たれたれ瞬ちゃん偽ケーキ殺人事件

〜名探偵の恋〜









たれたれ瞬ちゃんを追いかけてきたたれたれ氷河さんを見て、たれたれ瞬ちゃんはびっくりしました。

「氷河、どーしてここに? 炊飯器のスイッチは入れてきたの?」
「……忘れた」
「もう、せっかく手紙を置いてきたのに……」
「すまん」
──と、たれたれ氷河さんが謝ったところに、小人たちの低い笑い声が響きました。

「ふっふっふっふ……」× 15

「さて、これで全員がそろったね」
「犯人は必ず殺人現場に戻ると言うからね」

名探偵である小人たちは、ミステリーの常道というものを心得ていました。
そして、『たれたれ瞬ちゃん偽ケーキ・氷河騙されちゃった事件』は、いつのまにか、『たれたれ瞬ちゃん偽ケーキ・氷河騙されちゃった殺人事件』になっていました。
ま、細かいことは気にしないでください。


「僕たちにはもう、この『たれたれ瞬ちゃん偽ケーキ・氷河騙されちゃった殺人事件』の犯人はわかっている」

さすがは名探偵です。
小人たちの脳裏には、既に犯人の姿がくっきりと浮かびあがっているようでした。

自信満々の小人たち。
氷の国の氷河のノミの心臓が、ばくばくばくばく状態になっていたのは、言うまでもありません。


「犯人は……」

テーブルの上に居並んだ小人たちは、ちょっと勿体ぶってから、声と15本の人差し指を揃えて、全く同じタイミングで、
「おまえだーっっ !! 」× 15
と叫び、なんと、たれたれ氷河さんを指差しました。

「な……なに?」
日頃、無口&クール&セクシーなたれたれ氷河さんも、この突然のご指名にはちょっとびっくりです。
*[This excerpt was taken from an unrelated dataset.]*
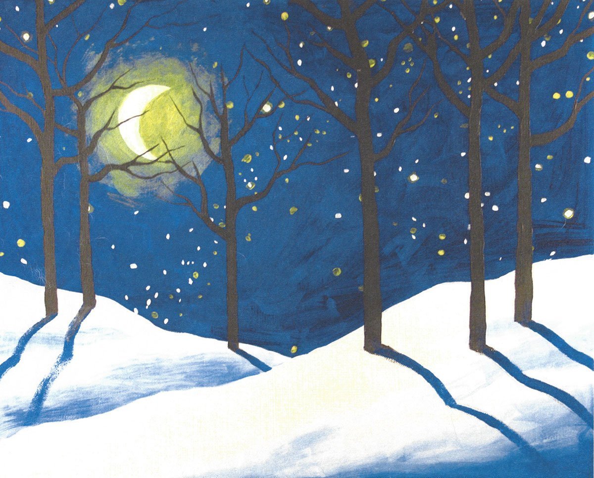 ![Ночной зимний пейзаж гуашью для детей]()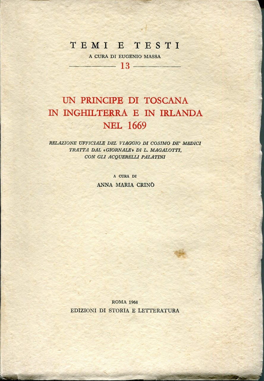 Un principe di Toscana in Inghilterra e in Irlanda nel 1669, relazione ufficiale del viaggio di Cosimo De' Medici tratta dal 'Giornale' di L. Magalotti, con gli acquerelli palatini

「ちょ……ちょっと待って、小人さんたち。どーして、僕の氷河が犯人なの?」

たれたれ瞬ちゃんが驚いて小人たちに尋ねると、それまで自信満々でいた小人たちは、ふっと悲しそうな顔になりました。
「たれたれ瞬ちゃん……。たれたれ瞬ちゃんは騙されてるんだよ」
「たれたれ氷河さんは、めちゃくちゃカッコいいけど、本当は悪者なんだ」

「だ……だから、どーして?」


名探偵小人たちが、どうしてそういう結論に至ったのか、賢い読者諸嬢には既におわかりのことと思います(注:わからなくても気にしないでください)。